I recently moderated two fantastic panels at the Billington Cybersecurity Continuous Diagnostics and Mitigation (CDM) Forum at the National Press Club. It was a unique opportunity for Federal and industry cyber leaders to come together to discuss securing our government’s IT networks from the cyber threat landscape.
There was a lot of learning that took place during the forum, but for me three critical points really stood out:
- A successful Cybersecurity program has to be operationally-relevant to an agency, and the CDM program is driving visible success in that area.
- Federal CISOs are finding their jobs evolve: they are being asked to look beyond compliance to providing cyber-related insights to executives for mission planning.
- State and local governments will find their innovative Cybersecurity efforts can be augmented through the CDM journey.
An Operationally-relevant Cybersecurity program
Cybersecurity isn’t a threat that can be solved by a program or tool, but it is an ongoing process to be managed. That’s the core of why the CDM program can be effective: it establishes a framework and process to manage the threats that degrade, disrupt, and destroy government service. As DHS’ John Streufert pointed out that:
- 75% of attacks use known vulnerabilities
- 90% of successful attacks require only the most basic techniques
- 96% of successful breaches can be avoided by simple or intermediate controls.
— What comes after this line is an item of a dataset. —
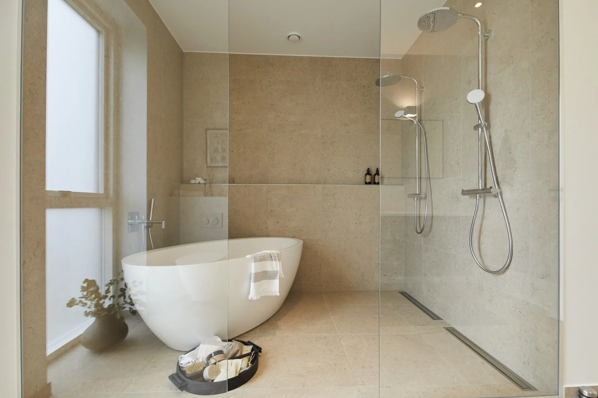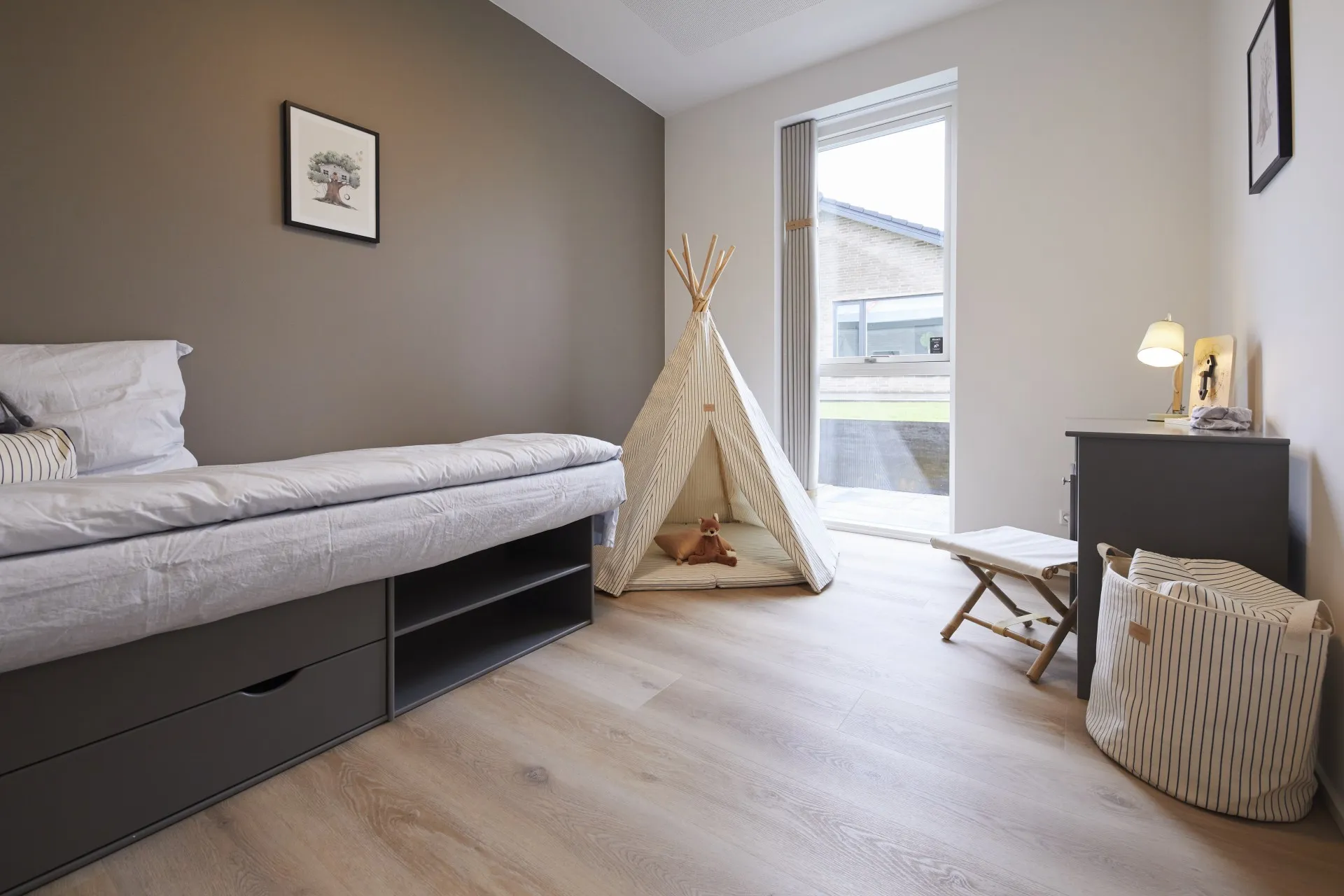 Mursten: Libra. Klinker: Ragno Eterna Greige. Gulv: Hybel 68

Therefore, a well-executed CDM program can substantially reduce risk to an agency. At the forum, we discussed some of the tactical best practices to reap the benefits of CDM. Implementation was a key area. As agencies implement the program, they should regularly measure the effectiveness of that program to those critical objectives. Agencies need to identify and define the successful characteristics for a successful Cybersecurity program.
Obviously, a CDM implementation is not a silver bullet or a time defined process – rather I describe it as a purposeful journey to secure mission-critical infrastructure in the face of the cyber threats civilian government faces.
The Cyber Landscape Brings New Roles and Job Descriptions to Federal CISOs.
As much as the tools of Cybersecurity are important – the human aspect, particularly as it relates to the role of the CISO that is critical to an agency’s cyber efforts. Establishing a robust Cybersecurity program goes beyond obtaining and using the related CDM technology tools. Successful implementations require new processes and new roles for Information Security resources.
It was very informative to hear Melinda Rogers, Rod Turk, Joe Albaugh, the CISOs for the Departments of Justice, Commerce and Transportation, and Jonathan Trull, the CISO for the State of Colorado discuss how adopting new human capital models has been a critical component of their effort.
They all stressed that Cyber events don’t only raise security considerations – they drive mission impact plans. They have all shown, through their distinguished and successful tenures, that CISOs need to change the level of engagement they have with their agency’s leadership.
Their experiences show a new imperative for CISOs: elevating their role beyond technical conversations on compliance, to active efforts to protect systems. An agency’s Cybersecurity team needs to provide actionable information to agency executives, not checklists, or outputs of scans and other data. CISOs are increasingly being asked to develop ideas, plans, and frameworks that translate their agency executive’s goals into Cybersecurity practices.
CDM for State and Local Governments.
DHS’ CDM program will also help State and local jurisdictions enhance their cyber defenses by facilitating effective and operationally relevant Cybersecurity deployments. DHS is exploring methods to bring an affordable security program at the state and local government level such as an e-commerce portal for a cyber-marketplace. DHS’ efforts support existing cyber best-practices state government are deploying, such as partnerships with the private sector, engaging with the expertise of the National Guard, and developing regional security-hubs to serve distributed jurisdictions.
In short – the Billington Cybersecurity CDM forum articulated the benefits and goals participating agencies can expect from a CDM implementation as well as tactical insight into the procurement process. For example, GSA’s Jim Piché gave actionable insights into the ordering process and GSA’s CDM Ordering Guide. Importantly, it was a very interactive forum, and that helped Federal IT leaders get a good feel for the roles, responsibilities, and operational strategy that accompany the CDM process.